Смолкли причитания, только иногда прорывались тяжелые всхлипывания и приглушенные стоны.
Иван поднялся на ноги, протянул руку вперед и сказал:
— Смотрите, люди добрые!
В ночной темноте над селом стояло зарево, другое виднелось справа, третье — слева, и еще одно где-то далеко занималось, едва заметное…
— Горит Украина…
— Погибает народ… — шепчет какая-то женщина.

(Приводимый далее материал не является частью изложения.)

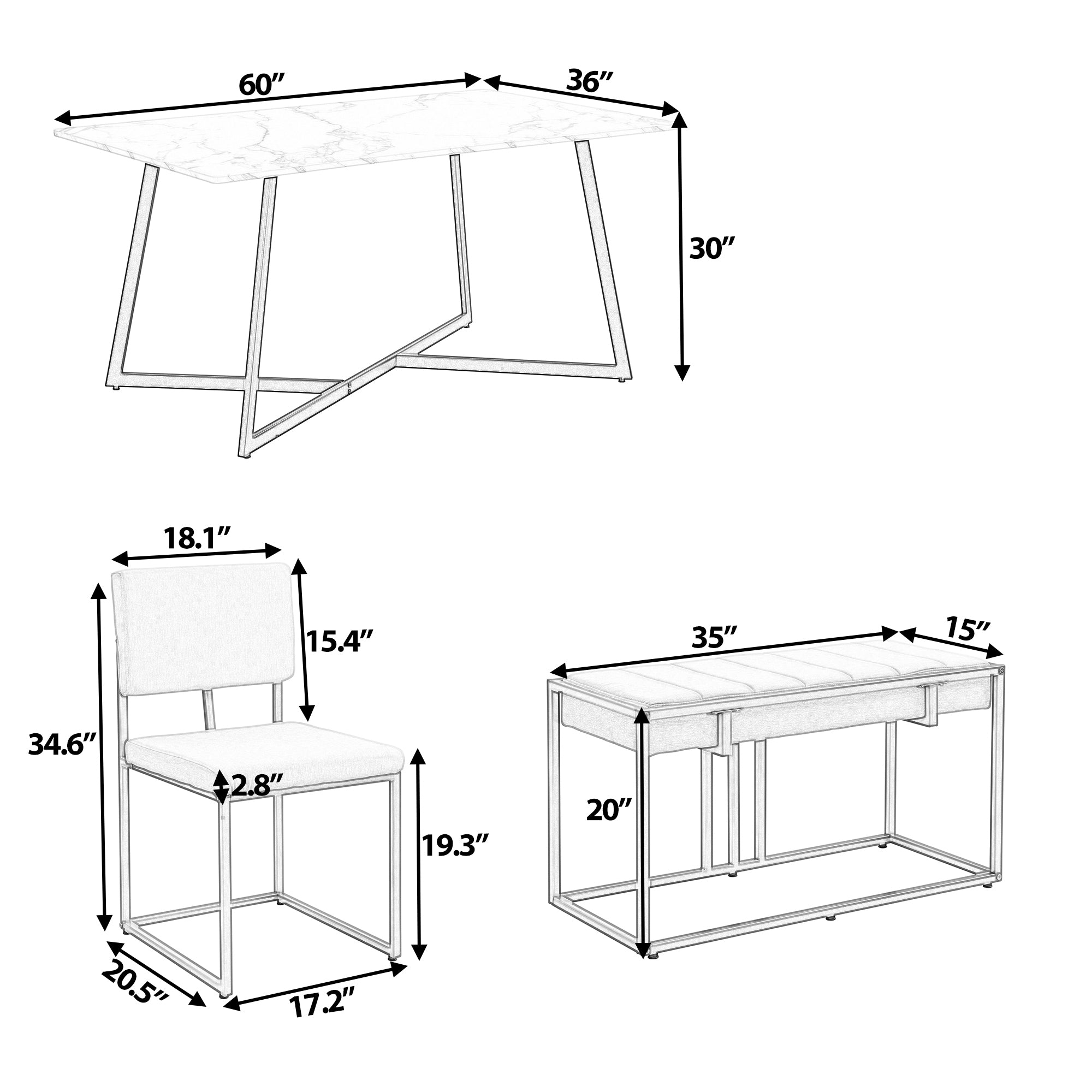 - [Faux Marble Dining Set]This stunning metal 5-piece dining table set combines style and functionality seamlessly. This set includes a table which features outward extending legs for added stability and space optimization, four chairs, and a bench. The stable triangular stretchers ensure durability while maintaining a sleek modern look. Topping it off is a stunning white faux marble tabletop with smooth corners, elevating any dining space with its elegance and safety.

— Народ не погибнет. Он борется!
Это твердо и спокойно сказала мать Василька, стоявшая в стороне, гордая, величественная.
— И победит! — поддержал звонкий голос Мишки.
— Победит!.. — хрипло шептал Иван.
Все поднимаются грозной стеной. В темноте ночи бушуют, колышутся малиновые зарева. Грозно шепчутся леса за Днепром.
Люди идут. Они идут, уверенно ступая по снегу, молчаливые, со сжатыми до боли зубами. Движется, колышется живая лента, и, кажется, нет ей ни конца, ни края.
Книга вторая
В одном селе
Через заснеженное поле быстро неслось несколько упряжек. Покрытые инеем кони мчались галопом. Из-под копыт поднималась снежная пыль, летели комья снега.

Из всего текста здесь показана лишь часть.